I will not start a rant, or a series of complains but I will adress what I think is the actual cause for MY decision to stop playing ESO, because I believe a big chunk of the PvP community will agree on my point: I think the development team has very poor timing. Allow me to elaborate.
We all know there is a basic principle to game development called: Dynamic Equilibrium. This means a game must remain balanced by not finding an exact sweetspot where "most" players want it and stays that way forever; but tries to "stay balanced" by making some adjustments now and then. This a very effective technique to keep a product alive and it is actually a great idea, but how to implement this great concept in a specific game environment is where the real mastery is.

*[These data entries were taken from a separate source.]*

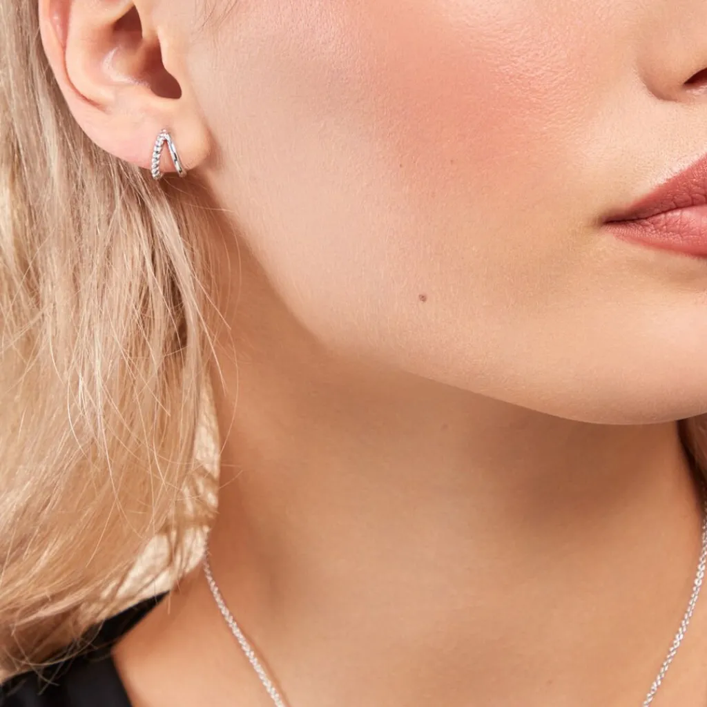 Créoles Argent Blanc 925/1000 Double Rang Lisse Et Torsadé Diamètre 7mm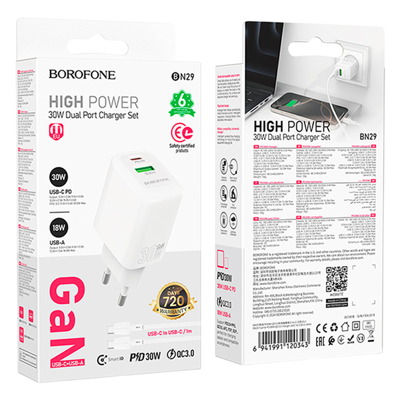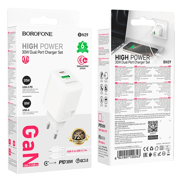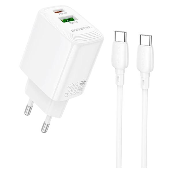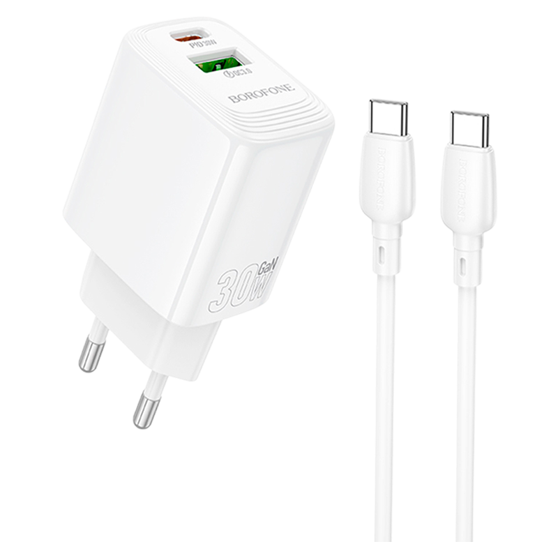 Сетевое З/У Borofone BN29 1USB+1Type-C 3.0A PD,QC GaN белый (1/32/128)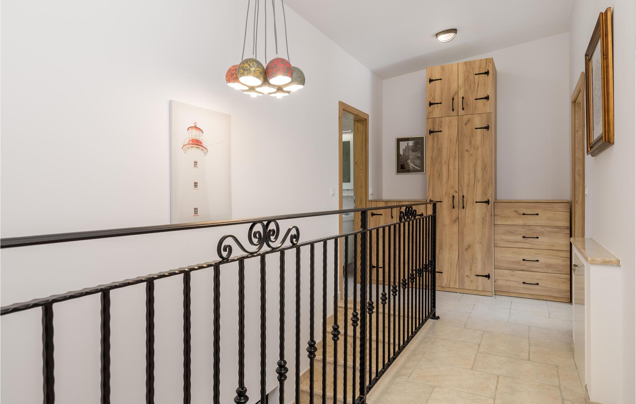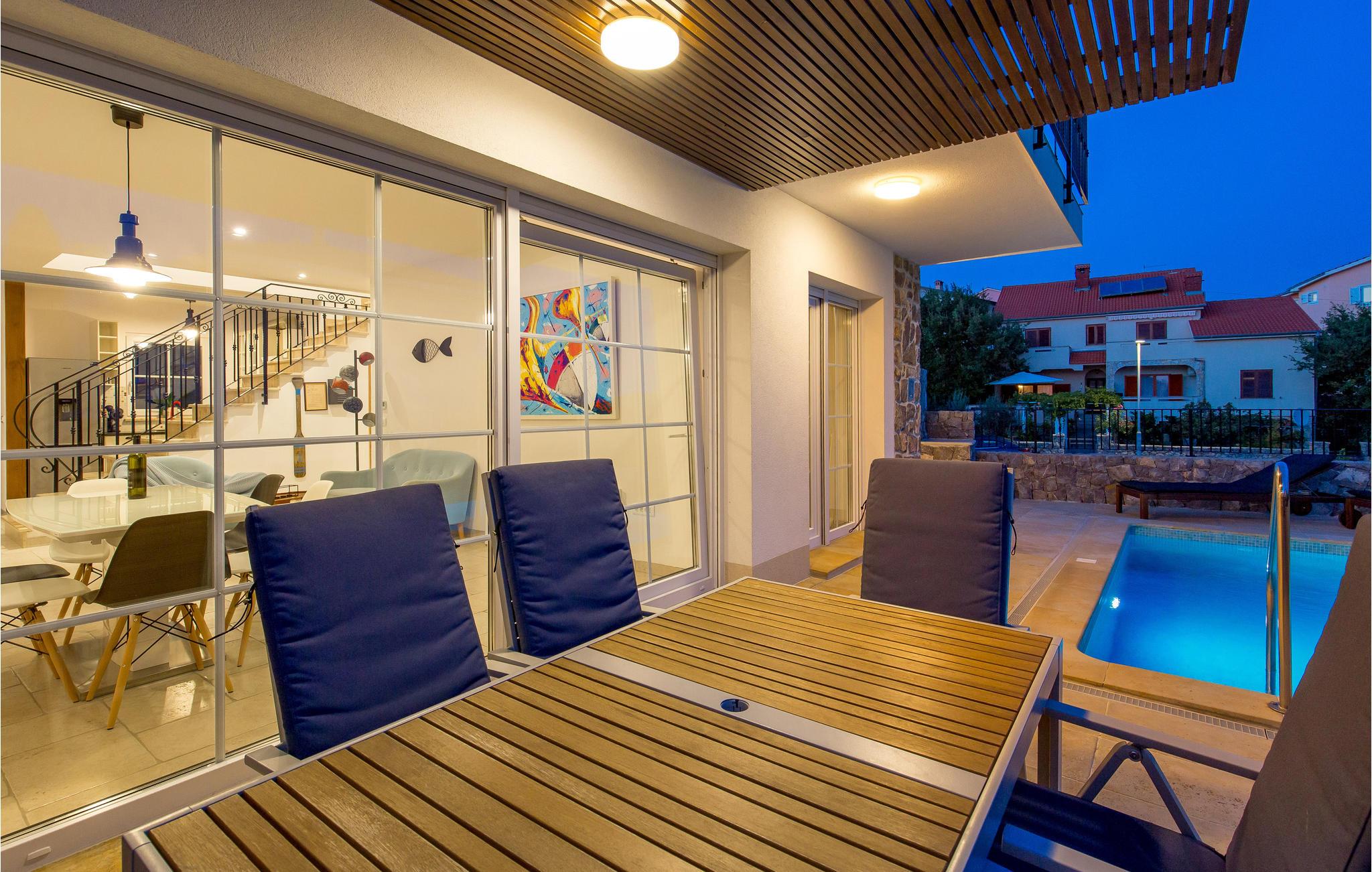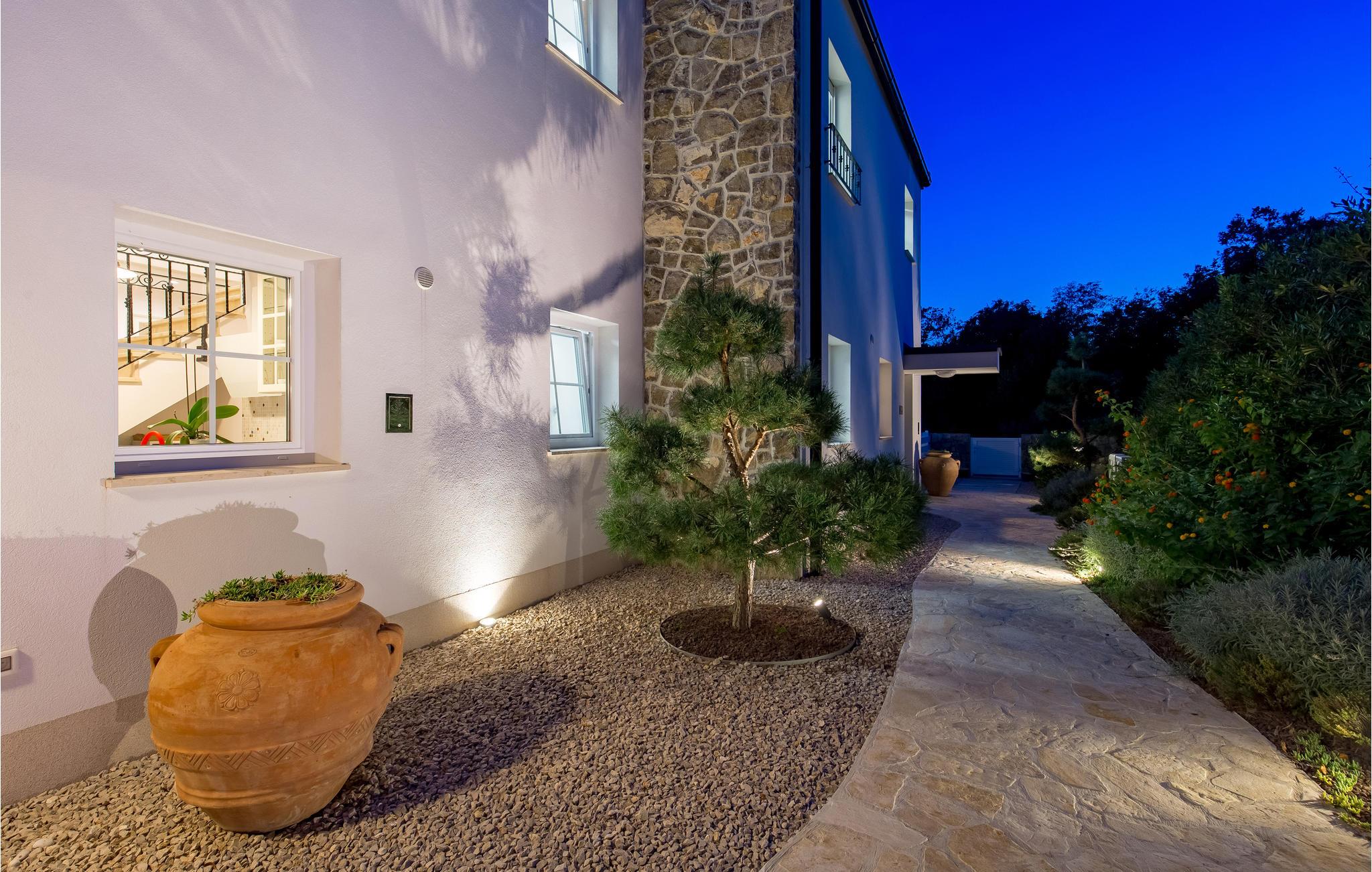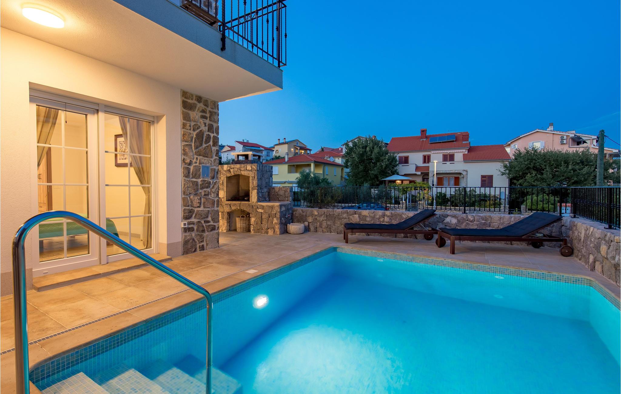 På øen Krk i den lille by Kornic ligger dette vidunderlige feriehus med egen privat pool. Det ligger kun fem minutter i bil fra den historiske by Krk og fra Punat med sin godt beskyttede havn. På grund af beliggenheden på en pakke er der en fantastisk udsigt over havet og de sølvgrønne olivenlunde, som denne region er så berømt for. Huset er indrettet med kærlighed helt ned i de små detaljer og bygget helt traditionelt, og indrettet med en vellykket blanding af gammelt og moderne. Fra stuen er der direkte udgang til terrassen med grill, loungehjørne og område til solbad samt til den opvarmede pool. Det største soveværelse ligger i stueplan og resten på første sal. I huset er der klimaanlæg, gulvvarme og I kan parkere på den store indhegnede grund.

Allow me to bring and example: the League of Legends development team are masters at Dynamic Equilibrium implementation. Every couple of weeks things change in LOL, gear and characters are nerfed or buffed, but the thing is: the player has no extra load on this implementation and incentives keep the same. Example: the first game after a new patch in LOL the player has access to all new gear and all new changes since the start of the match, they don't have to grind, the don't have to level new stuff, they are just ready to go with the changes and can adapt very fast to them because these changes do not mean extra work for the player.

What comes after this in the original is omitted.